HO-1 overexpression may be linked to the accumulation of iron resulting from HO-1 catabolism [10]. Additionally, ferroptosis, a form of regulated cell death, is associated with the accumulation of lipid hydroperoxides [11]. To investigate the role of sitagliptin in neuronal ferroptosis in epilepsy, several ferroptosis-related biomarkers were assessed. DHE staining revealed elevated neuronal ROS production in the epilepsy group compared to the control group (F (2, 6) = 13.36, p = 0.0095), while sitagliptin pretreatment significantly reduced ROS levels (p = 0.0106) (Fig. 4A,B). TEM analysis further revealed that the epilepsy group displayed mitochondrial damage and increased membrane density (Fig. 4C). However, sitagliptin pretreatment markedly alleviated mitochondrial damage (Fig. 4C).

Fig. 4.

Sitagliptin pretreatment ameliorated ROS production and mitochondrial damage. (A,B) Fluorescence staining of DHE used to detect ROS levels in different groups. The scale bar = 50 µm. (C) TEM analysis of mitochondrial damage in different groups. The scale bar = 0.5 µm. Data are presented as the mean $\pm$ SEM. *p 0.05, **p 0.01, n = 3. DHE, dihydroethidium; ROS, reactive oxygen species; TEM, Transmission Electron Microscope.

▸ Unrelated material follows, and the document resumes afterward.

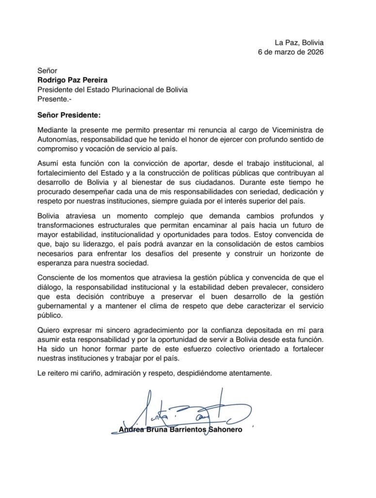 Éxito Noticias, 6 de marzo 2026.– La viceministra de Autonomías, Andrea Barrientos, presentó este viernes por la noche su renuncia al cargo mediante una carta dirigida al presidente de Bolivia, Rodrigo Paz. La autoridad explicó que su decisión responde a una etapa cumplida en su vida pública, destacando que ejerció la función con compromiso y vocación de servicio.

Next, GPX4 expression was examined. As shown in Fig. 5, GPX4 levels were downregulated in hippocampal neurons of the epilepsy group compared to the control group (F (2, 6) = 21.63, p = 0.0026), and this expression was significantly upregulated following sitagliptin pretreatment (p = 0.0036).

Fig. 5.

Immunofluorescence with GPX4 and NeuN antibodies identified neuronal status of ferroptosis in different groups. The scale bar = 50 µm. Data are presented as the mean $\pm$ SEM. **p 0.01, n = 3. GPX4, glutathione peroxidase 4.

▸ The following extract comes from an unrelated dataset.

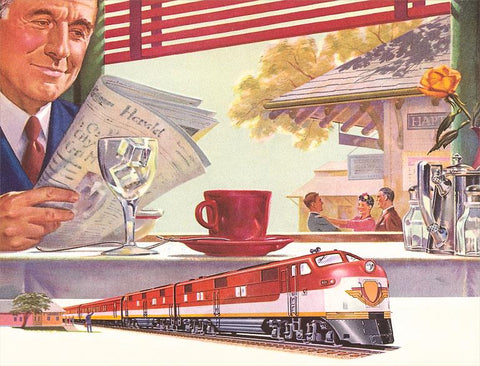 RR-164 Reading Newspaper on Train - Vintage Image

Furthermore, GPX4 expression was assessed by immunofluorescence and WB in the glutamate-induced neuronal death models. As shown in Fig. 6A,B, compared to the control group, the glutamate group exhibited reduced GPX4 expression (F (2, 6) = 28.56, p = 0.0031). However, sitagliptin pretreatment significantly increased GPX4 levels (p = 0.0009). The same result was confirmed by WB analysis, GPX4 expression in sitagliptin pretreatment group was significantly decreased (F (2, 6) = 50.08, p = 0.0069) (Fig. 6C). All original WB figures in Fig. 6C are provided in the Supplementary material. These results collectively demonstrate that sitagliptin significantly reduces ferroptosis in both LiCl/Pilocarpine-induced epilepsy and glutamate-induced neuronal death models.

Fig. 6.

Sitagliptin attenuated neuronal ferroptosis in neuronal models. (A,B) Immunostaining and statistical analysis for GPX4 expression in different groups. The scale bar = 100 µm. (C) WB detection of GPX4 in different groups, with relative expression normalized to $\beta$-actin. Data are presented as the mean $\pm$ SEM. **p 0.01, ***p 0.001, n = 3.